Feedback. There's a paradox in medical practice. Surgeons almost invariably become better and better with time but, statistically, radiologists become worse: their diagnosis shows more mistakes the more experienced they are. What explains that is feedback; while surgeons get immediate feedback, radiologists write a diagnosis that is send to the doctor, who then may or may not circle back to the radiologists. For funders feedback is as necessary as it is problematic. Too many times grantees will tell funders what they want to hear. To be blunt, honest and objective feedback is a rare commodity in the foundation world. And yet, feedback is vital. Funders need to encourage open relations with grantees and community stakeholders in which honest and timely feedback is appreciated and encouraged. If the perception is that honest feedback is penalized, we all lose.
Self-criticism. The great basketball players never believe they have a 'streak' or a "hot hand". They will always be critical and they'll be focus on the mistakes they made in the game. Positive self-criticism is key. Being self-critical in the funding world is hard because funding is about personal virtue. And yet, if we are to be great strategic funders, we need to make sure that we regard our work with humility and are lovingly critical about everything we do. Funders are regularly honored, praised and flattered. We can't let that cloud our self-criticism.
Intelligent evaluation. Too often we see evaluation as a threshold rather than a lever of change. We've learned to collect data, but we fail to act on it on a deliberate way. The funding world has made great strides towards evaluating and measuring, but now, we need to align evaluation to motivate and achieve specific goals. We need to hard-wire the evaluation into our deliberate practice system.

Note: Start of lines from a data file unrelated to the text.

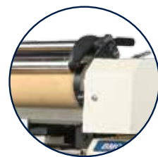
중량물원단 전용 원단풀림시스템 Exclusive fabric pulling system for heavy fabrics.
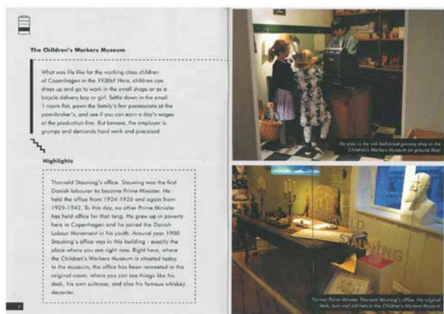
Obr. 6. V rámci propagačních letáků dánské muzeum práce zviditelňuje jak své dětské muzeum, tak rekonstrukci pracovny Thorvalda Stauninga.

Jako místo paměti na sociální a dělnické hnutí v Dánsku se síň stala jedním z hlavních znaků zdůrazňujících genia loci budovy i připomínkou hmotných snah o uznání dělnických aktivit jako světového kulturního dědictví. 27
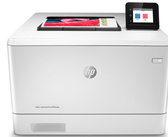
Impresora HP LaserJet Pro a color M454dw

Impresora con seguridad dinámica habilitada. Para ser exclusivamente utilizada con cartuchos que utilicen un chip original de HP. Es posible que no funcionen los cartuchos que no utilicen un chip de HP, y que los que funcionan hoy no funcionen en el futuro. Obtenga más información en: http://www.hp.com/go/learnaboutsupplies
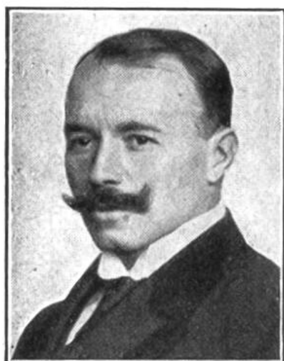
Dr. Jean Musy von Albeuve, Freiburg * 1876, seit 1920 i. Amte
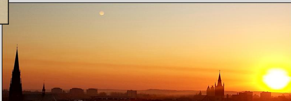
zdj. 2 w powiększeniu
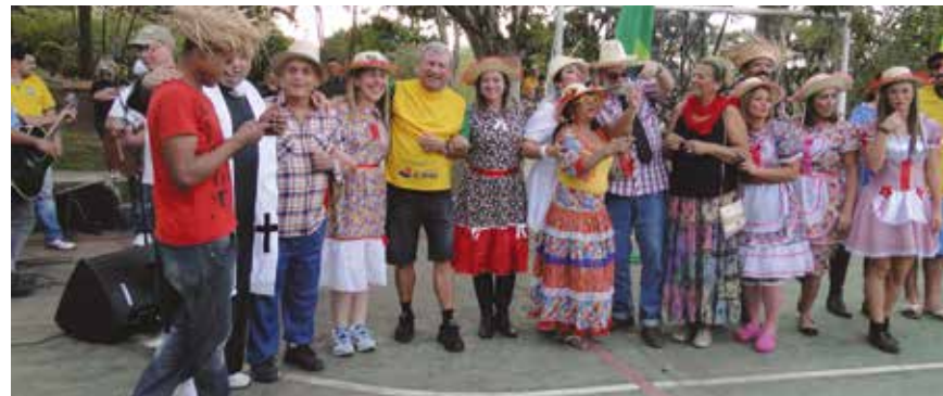
Funcionários dançam a tradicional quadrilha em Socorro

Não perca a Festa de Natal das Crianças Especiais, que a Assembleia realiza anualmente e que conta com o apoio e trabalho voluntário de funcionários, do efetivo da Polícia Militar, da Afalesp e do Sindalesp, entre outros. Neste ano, a festa será no dia 13/12, no Hall Monumental. Voltada a crianças carentes e portadoras de diversos males, como paralisa cerebral, síndrome da imunodeficiência adquirida, HIV, síndrome de Down e câncer, a festa chega a receber a participação de 25 instituições e a presença de cerca de 2.500 crianças.

Effort. When I mentioned these ideas to an amateur golfer who was — in my opinion — deep in the plateau he said "you may be right, but I play for fun and what you say is a lot of work". He is right. Deliberate practice takes a lot of conscious effort, it can be exhausting and it may take the fun out of the game. And it never ends because we can always be better. The effort though, is generally rewarded when we become truly great and we leave mediocrity behind.
Passion and persistence. This is key. Effective practice takes a lot of effort, and it won't work if we don't have the passion and the persistence to do it. It's hard to be passionate about typing, and that's why probably very few typists are going to attain the 200 words a minute that Pitman promised. But we're lucky, because it's much easier—and rewarding—to be passionate about the work we do. If we believe that our funding can change the world, our passion to be great at it is not simply a desire but a necessity.